Hyperlink definition

Hyperlink is a digital reference to data that a user can explore or be directed to by clicking or tapping on a reference. A hyperlink may point to the entirety of a document or to a particular component included inside a document. Text that contains hyperlinks is called hypertext. Without hyperlinks, online pages would not be able to connect to one another; therefore, users would be required to memorize the URL (Uniform Resource Locator) of each and every website available on the Internet.

Types of hyperlinks:

  • Inline hyperlinks. Without having to embed the information, an inline link will show you something from another site. The user is not required to click the link in order to access the remote content. A user might get a low-resolution preview, cropped part, or magnified version of an image when clicking on an inline link to that image.
  • Anchor hyperlinks. They are in-document links that are fixed to certain snippets of text. Typically, the fragment is a subheading or a little section of a text.
  • Text hyperlinks.
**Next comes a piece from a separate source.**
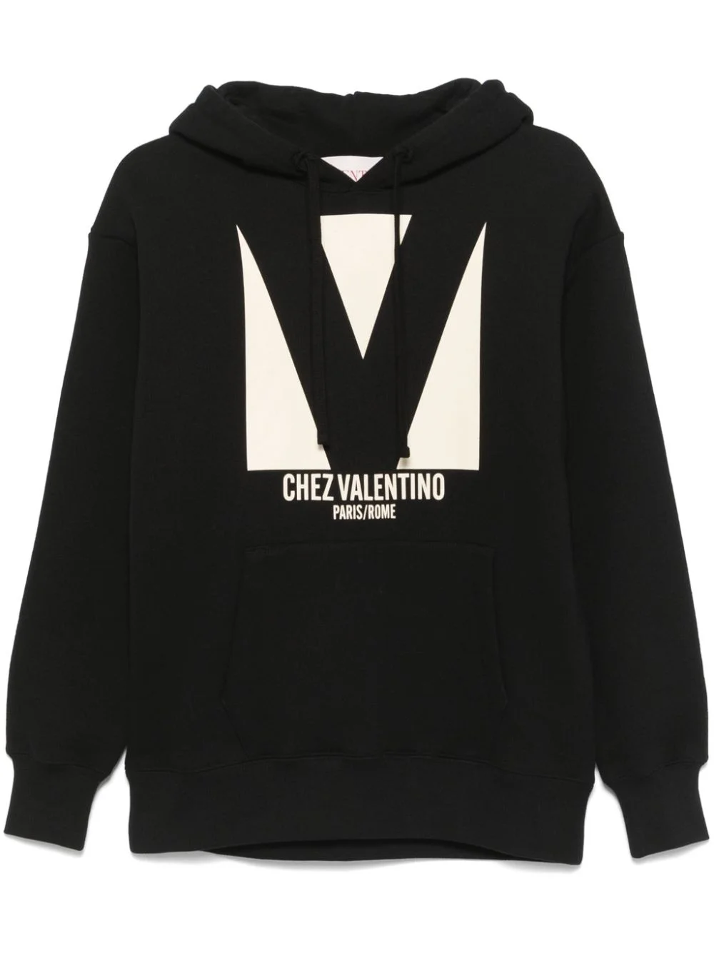 Chez hoodie Highlights - Valentino ready to wear - Black - Drawstring hood - Drop shoulder - Front pouch pocket Made in Italy Composition Cotton 100% SIZE & FIT Model measurements Height 5 ft 11 in(1.8 m) Bust/Chest 32.67 in(83 cm) Hips 35.82 in(91 cm) Waist 25.98 in(66 cm) FittingInformation Designed to be unstructured, offering a loose fit throughout Made from a midweight non-stretch fabric, this piece offers minimal elasticity when worn

A word or phrase can become a clickable hyperlink when an embedded hypertext reference is placed within it.
  • Image hyperlinks. When a hyperlink is added to an image, the user can click the picture.
  • Bookmark hyperlinks. A hypertext link can be either text or an image, and it will send the user to a different section of the website.
  • E-mail hyperlinks. Visitors can click the e-mail address that has a hyperlink integrated into it to instantly send an e-mail to that address.
  • Fat hyperlinks. A fat link (also known as a one-to-many link or a multi-tailed link) is a link that can take you to a variety of locations online.

Benefits of hyperlinks:

  • Credibility. As a modern footnote, a hyperlink enables you to name a source, cite a reference, or refer to another publication in your content.
  • Increase page views. Keep viewers on your site by linking to other articles. The “Related articles“ comments at the foot of each article lead to another page on the site. Google tracks website views, so redirecting readers is wise.
  • Improve SEO. Forward links can be quite effective. Google appreciates it when you reference other reputable websites.